BabyCenter's Mission Motherhood Messages were available to qualifying organizations on the BabyCenter website.

BabyCenter contributed websites for Free Basics. These websites featured age and stage-based pregnancy and baby articles targeted to low-income, lower-education women who would not otherwise have access to health information. Content developed for this program was also used to support a UNICEF SMS program during the 2016 Zika outbreak.

==Awards and recognition==
In 1998, BabyCenter won a Webby Award for Best Home Site. Since then, it has been nominated for a Webby Award 19 times and won either a Webby or a People's Choice Webby Award 12 times – including a People's Voice win in 2021 for Lifestyle websites and mobile sites and a Webby in 2025 for Social – Health & Wellness.
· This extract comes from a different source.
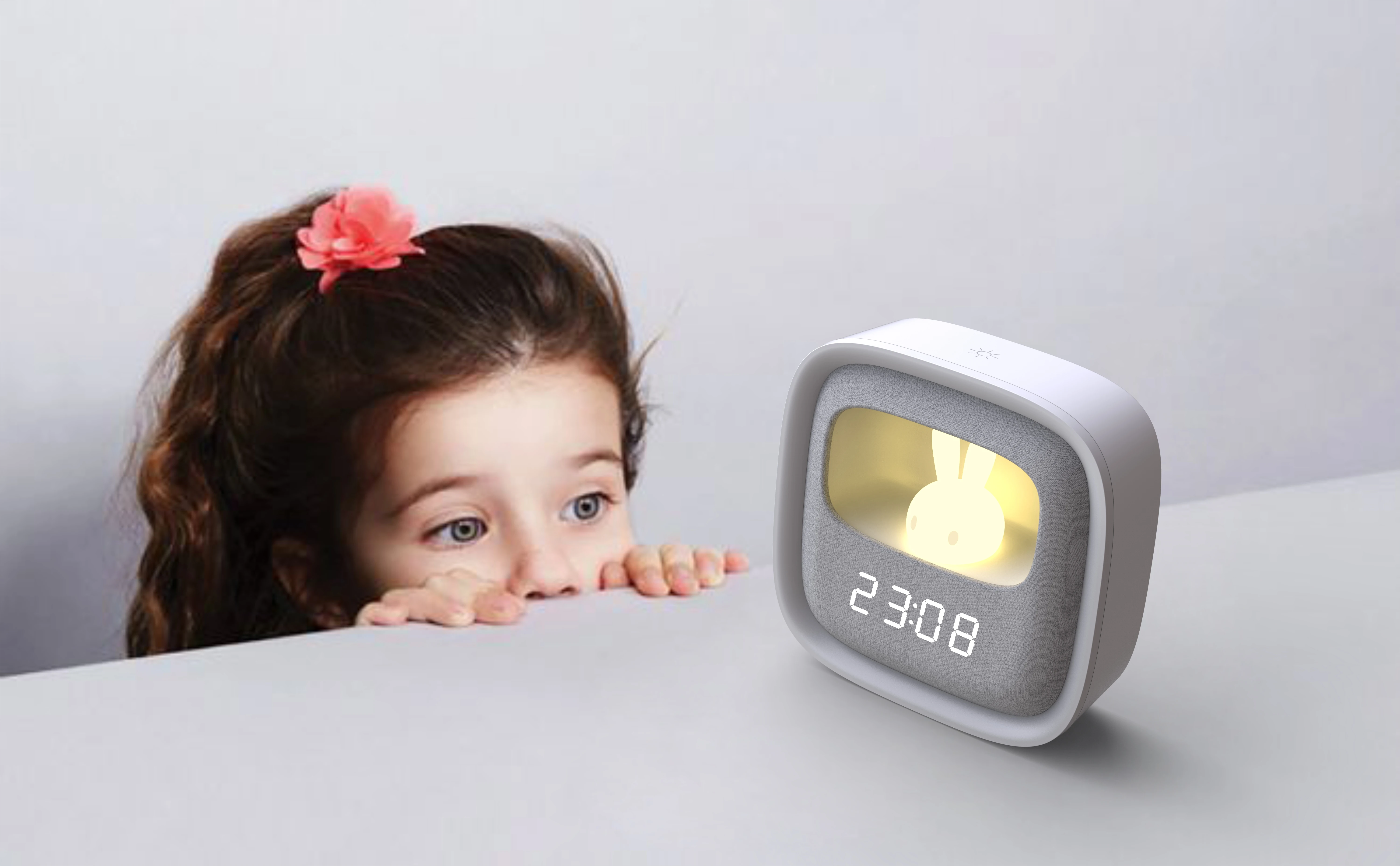 Cartoon Night Light LED Display Alarm Clock, Dimmer Light Desk Clock, Fabric Decoration Night Light Alarm Clock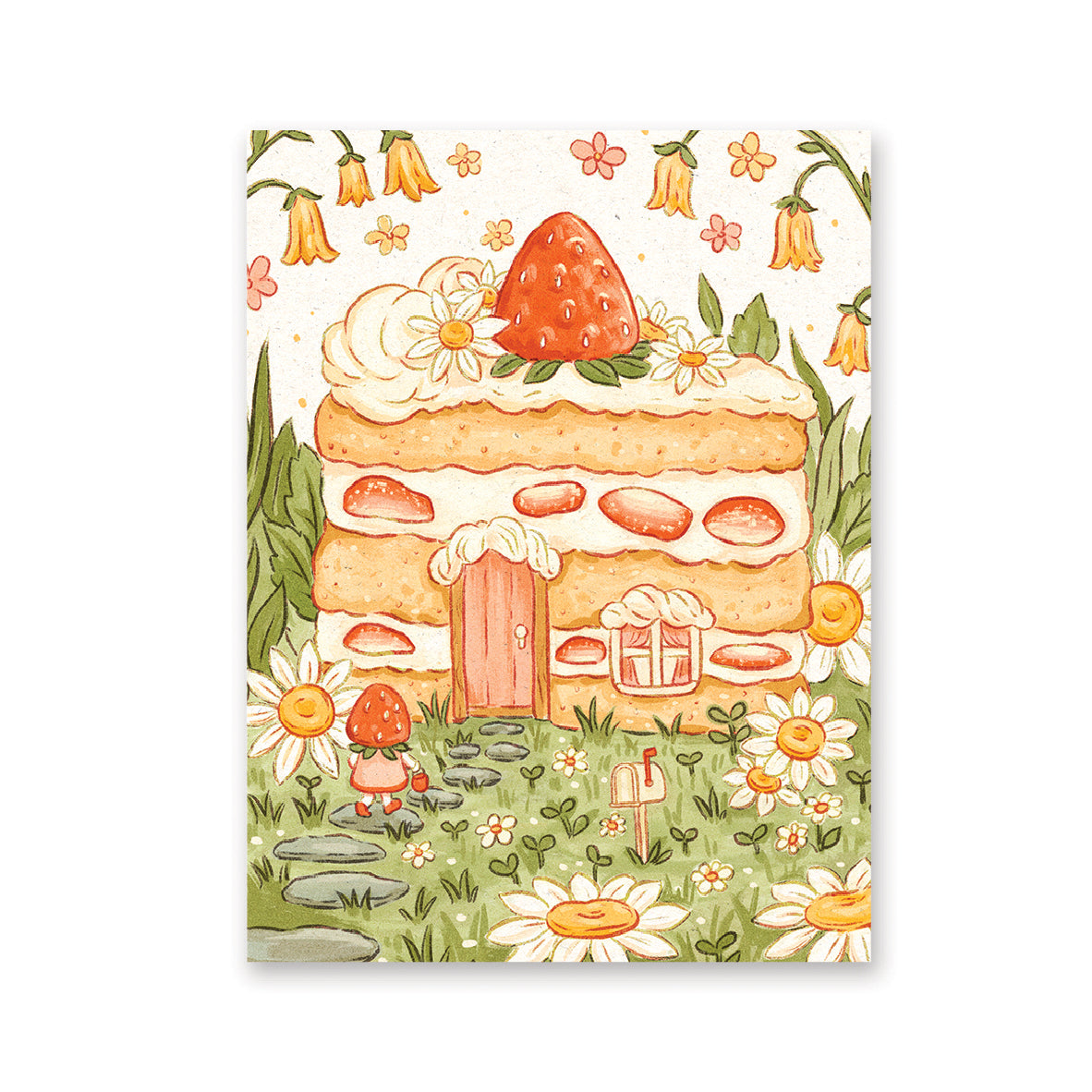 🍓🏡 Step into @hwainio’s dreamy garden, where the sweetest little cottage is made of sponge cake and strawberries! Beneath a swirl of whipped cream and blooming daisies, a tiny friend returns home after a berry-picking adventure. Every corner of this cozy world feels like a fairytale dessert—soft, sunny, and full of charm. Perfect for sending a note or simply savoring a slice of whimsy!

In 2002, it won Service Journalism award from Online Journalism Awards (OJA).

In 2015, BabyCenter won five Digital Health Awards for content about autism in children. In 2016, BabyCenter won seven Digital Health Awards: four for videos about the aches and pains of pregnancy, baby sleep, and the walking milestone in child development; two for articles about baby sleep training and sleep apnea in babies; and one for the BabyCenter mobile app My Pregnancy & Baby Today. In 2021, Forbes Health chose My Pregnancy & Baby Today as the best pregnancy app of 2021, and Women's Health identified it as one of the best pregnancy apps of the year.